Institute for Translational Medicine and Biotechnology, Sechenov First Moscow State Medical University, Moscow, Russia.



To examine the association between the MTNR1B G risk allele, type 2 diabetes (T2D) and chronotype in the UK Biobank.


Data from the baseline investigation of the UK Biobank were utilized (n = 337 083 White British; mean age: 56.9 years; 54% women). MTNR1B rs10830963 was directly genotyped [CC (reference group), CG and GG]. Chronotype was divided into four categories: definitely morning (reference group); more morning than evening; more evening than morning; and definitely evening.

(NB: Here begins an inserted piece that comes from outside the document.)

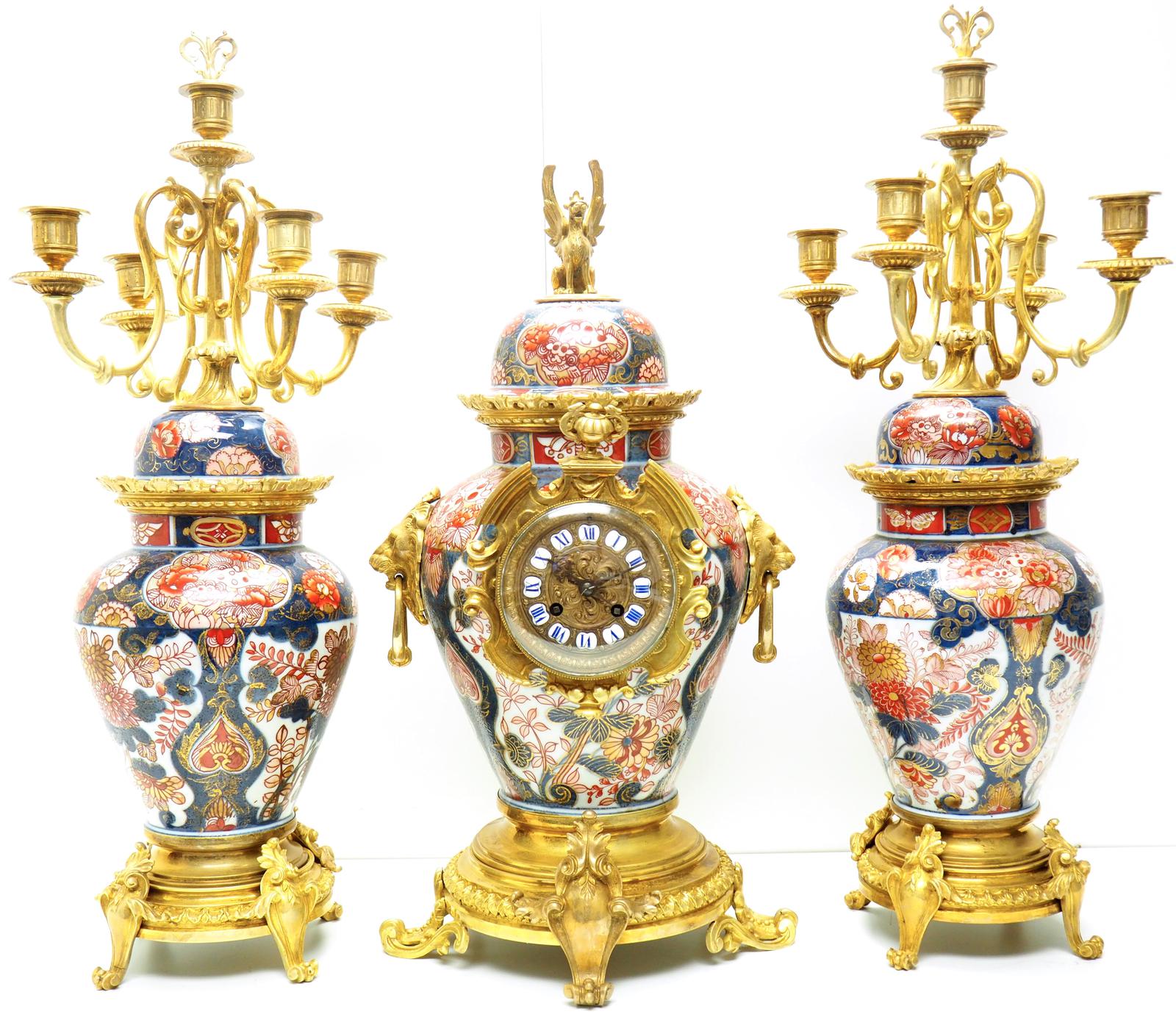 Incredible Imari Candelabra Mantel Clock Set Japanese Porcelain & Ormolu Mantle Clock

Logistic regression analyses were performed to estimate odds ratios and 95% confidence intervals (CIs) for T2D, controlling for age, sex and other confounders.


Carriers of the rs10830963 risk allele had a higher risk of T2D [CG vs. CC: OR (95% CI) 1.10 (1.07, 1.15); GG vs. CC: 1.21 (1.14, 1.29)]. Compared with definitely morning chronotype, participants with definitely evening chronotype exhibited the highest risk of T2D [1.25 (1.17, 1.33)]. Despite a nonsignificant interaction between chronotype and the risk allele [0.98 (0.94, 1.01), P = 0.176 for interaction term], we found that definitely evening chronotype (vs. definitely morning) was linked with a higher risk of T2D amongst CC and CG but not GG carriers. Additionally, we saw that the GG genotype (vs. CC) was associated with a higher risk of T2D across all chronotype categories, except for definitely evening.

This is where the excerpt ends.